Apple has launched a new website focused on its open-source projects and collaborations — including Swift and WebKit — and says it plans to release its projects on GitHub.
The new Open Source at Apple website features two main elements: a section for featured open source projects, and a separate section for open source releases.
Featured Projects details some of the open source projects that Apple leads. Additionally, it also features open source projects led by third-party organizations but contributed to by Apple engineers.
The Releases section will see Apple publishing the code used in various macOS, iOS, and Developer tools. Apple says, alongside the updated website, it will begin making its open source projects available as git repositories on Github.
Apple says it has a long history of participating and working with open source communities, as well as using open source projects. The company says that open source is "at the heart of Apple platforms and developer tools."
6 Comments
Something new is in the water at Apple Park.

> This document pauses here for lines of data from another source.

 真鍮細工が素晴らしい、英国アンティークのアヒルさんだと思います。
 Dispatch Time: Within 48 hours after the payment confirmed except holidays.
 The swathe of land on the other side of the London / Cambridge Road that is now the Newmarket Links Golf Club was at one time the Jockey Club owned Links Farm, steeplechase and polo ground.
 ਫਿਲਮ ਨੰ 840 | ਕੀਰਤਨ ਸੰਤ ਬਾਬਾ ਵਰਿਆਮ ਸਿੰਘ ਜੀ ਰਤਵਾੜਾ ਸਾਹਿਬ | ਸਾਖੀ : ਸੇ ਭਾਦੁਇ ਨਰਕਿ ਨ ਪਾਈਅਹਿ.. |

The open source website is nothing new for Apple. This has always been there. It just wasn't really advertised to the public. Developers most likely knew it existed but I doubt much of the general public did.

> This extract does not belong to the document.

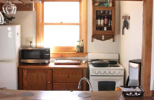 One of the original cottages built on Burr Oak Lake, Fisherman's Cottage sleeps up to 6 people comfortably in beds. The top level features a new bathroom with shower/tub, full kitchen, dining table, beautiful live-edge oak bar, and seating area. The top-level bedroom has a very comfortable full-size futon and twin bunk. Large enough for a couple to sleep well, or makes a great sleeping quarters for three kids.

There have been a lot of open source projects maintained by Apple, for well over a decade and even longer than that (I just don’t have a timeline in my head to refer to right now). The fact they are promoting this now is promising, though.
I very much like some elements of open source and I’ve used various open source projects and applications over the last 20+ years, but I’ve always seen the purist form of the ‘movement’ as silly.
Besides projects here and there, an open source world is even less practical and realistic than the message of communism—sounds great in theory, but in real life it will eventually ruin everything.
So I’m never gagging to praise anyone for open source efforts simply because they’re open source. If those open source efforts directly lead to definable and practical betterment then I’ll praise those aspects, but I’d praise those aspects regardless of whether they came from open source or not.